Christopher Peters and Shane Gabier have lowered their prices, but instead of constraining them, the shift has enabled the duo to win back a bit of their original magic.
Creatures of the Wind Spring 2018 | Source: Indigital
By
  • Lauren Sherman

NEW YORK, United States — "I don’t know what extremely rich women want,” says Creatures of the Wind’s Christopher Peters. “But I know what my friends want.” This season, Peters and partner Shane Gabier have taken this ethos to heart, lowering their prices 30 percent on average, all the while continuing to produce their collection in the US out of Italian fabrics. For spring, the majority of their pieces are priced below $1,000.

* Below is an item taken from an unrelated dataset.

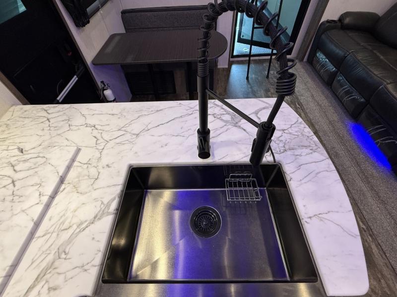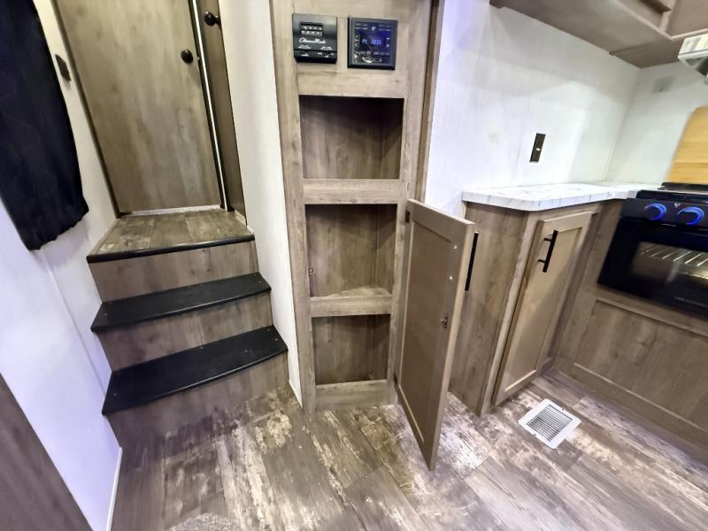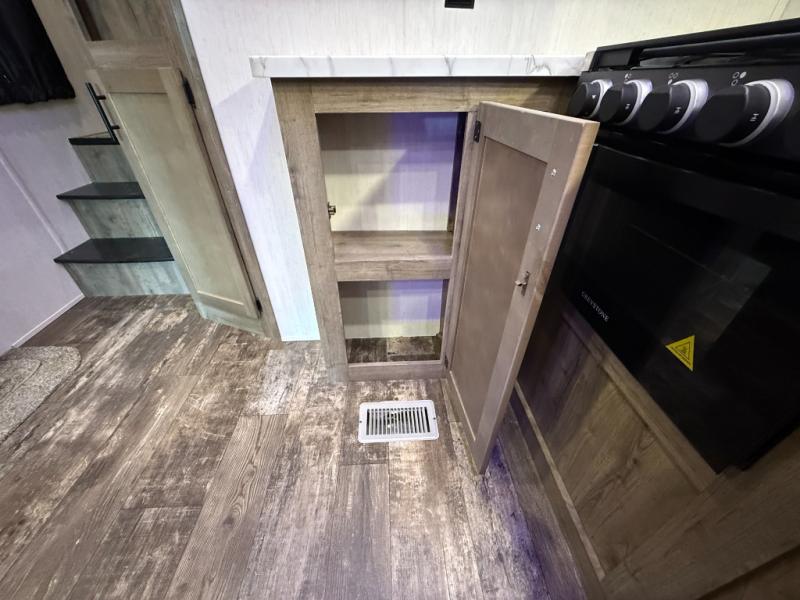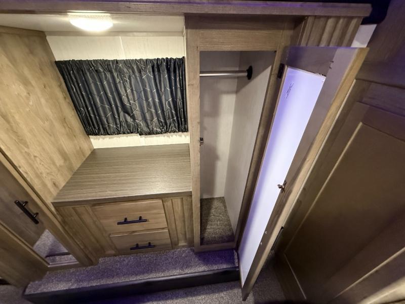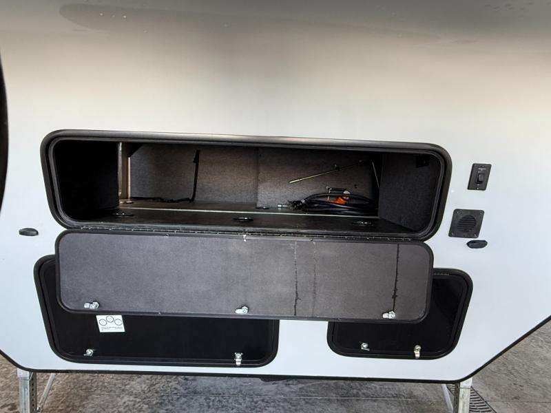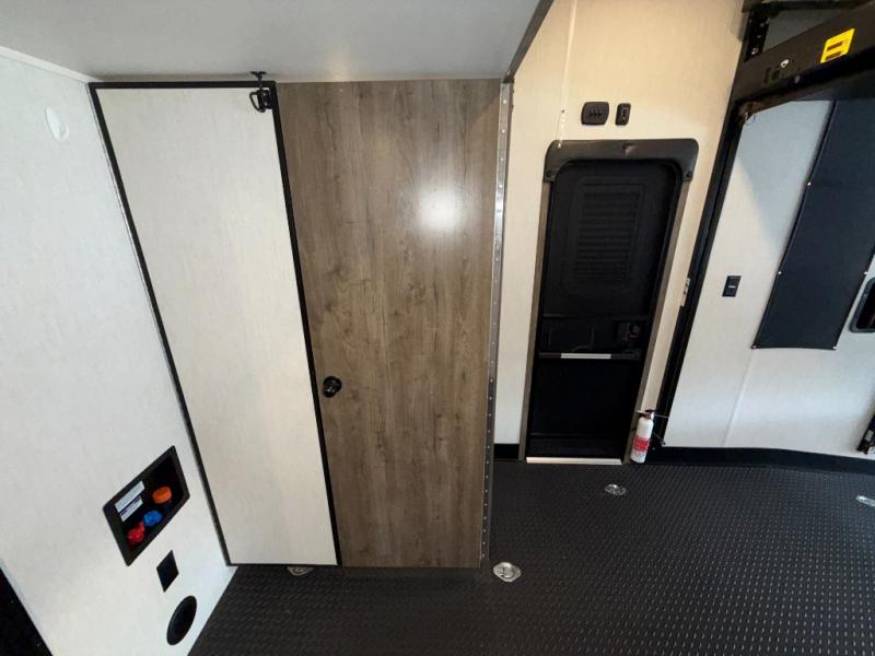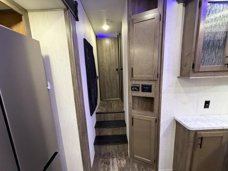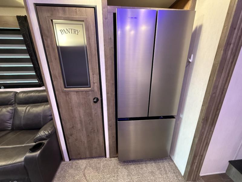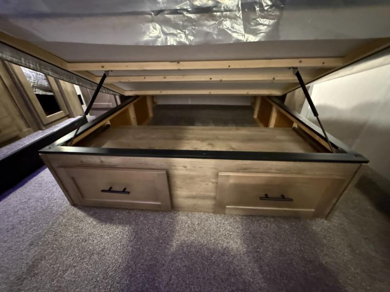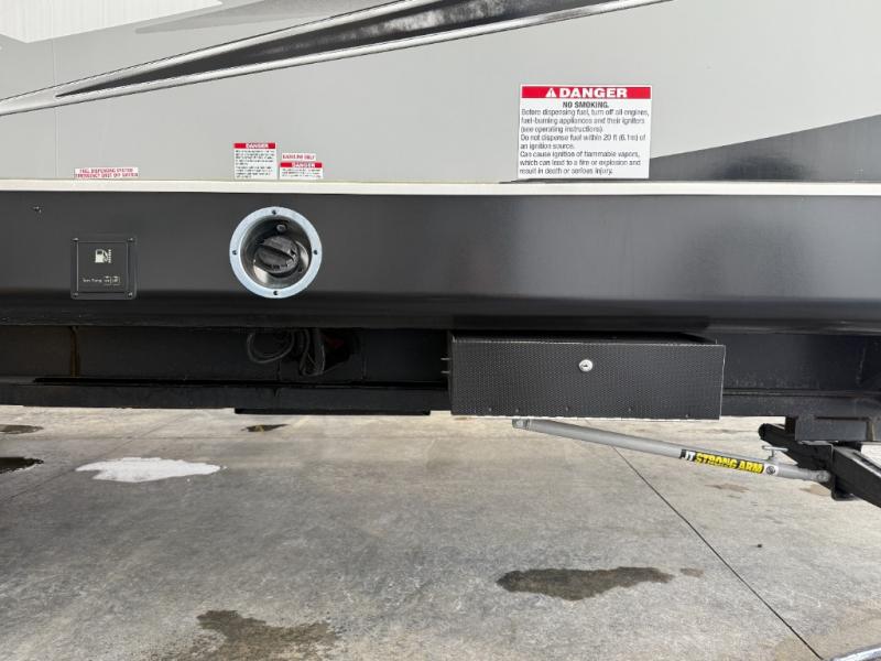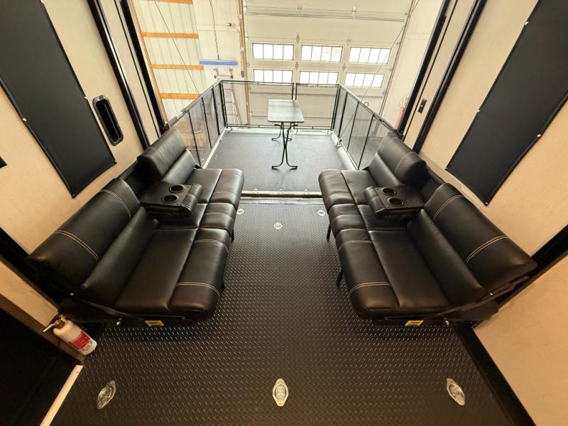 An outside kitchen, a loft, plus dual entry doors make this unit the one! Your guests will love the 13' separate garage that includes a Happijac power bed, plus their own half bath for convenience. The bathroom walls can fold to provide more space when loading toys, and the ramp door can convert to a "party patio" for more fun. Now, that sounds like a fun bunkhouse! Head to the main living area to relax on the party recliner sofa within the large slide, and you can grab a snack from the large pantry. When sleep is calling your name head to front master bedroom for a great night's rest on the Wolf Pack king bed, and you can store your clothes in the slide out wardrobe. This model also includes a pass-through storage with D-rings so you can secure your gear on the way to the campground!

Not cheap by any means and still very much designer. This isn’t a contemporary — or highly merchandised — collection, but it does align more closely with who Peters and Gabier are. Instead of making pieces that are extravagant in price, they were extravagant in process. After seeing a great deal of success with reworked vintage fur coats for fall — and a range of embellished vintage t-shirts and sweatshirts, embroidered with cannabis as a part of a collaboration with haute-weed brand Marley Natural and System Magazine, which sold out within a month — they have taken the idea further for spring. Leather trench coats from the 1970s were stripped, reshaped and then hand-painted. (Peters called the experience “cathartic”.) They’ll retail for $795.

Along the way, Peters and Gabier let go of some of the pretenses that have weighed down some of their recent collections, and simply made pieces their friends — many of whom walked the runway — might like to wear. It felt less referential, more wonky. The new direction was perhaps best represented by the Tyvek trench, digitally printed with a broken swirling rainbow canvas. The screwy technicolor dream coat nicely communicated the designer’s exploration of the history of psychedelia — a big part of their “research" for the season — and it was also cool-looking. Which is the only thing it needs to be, really.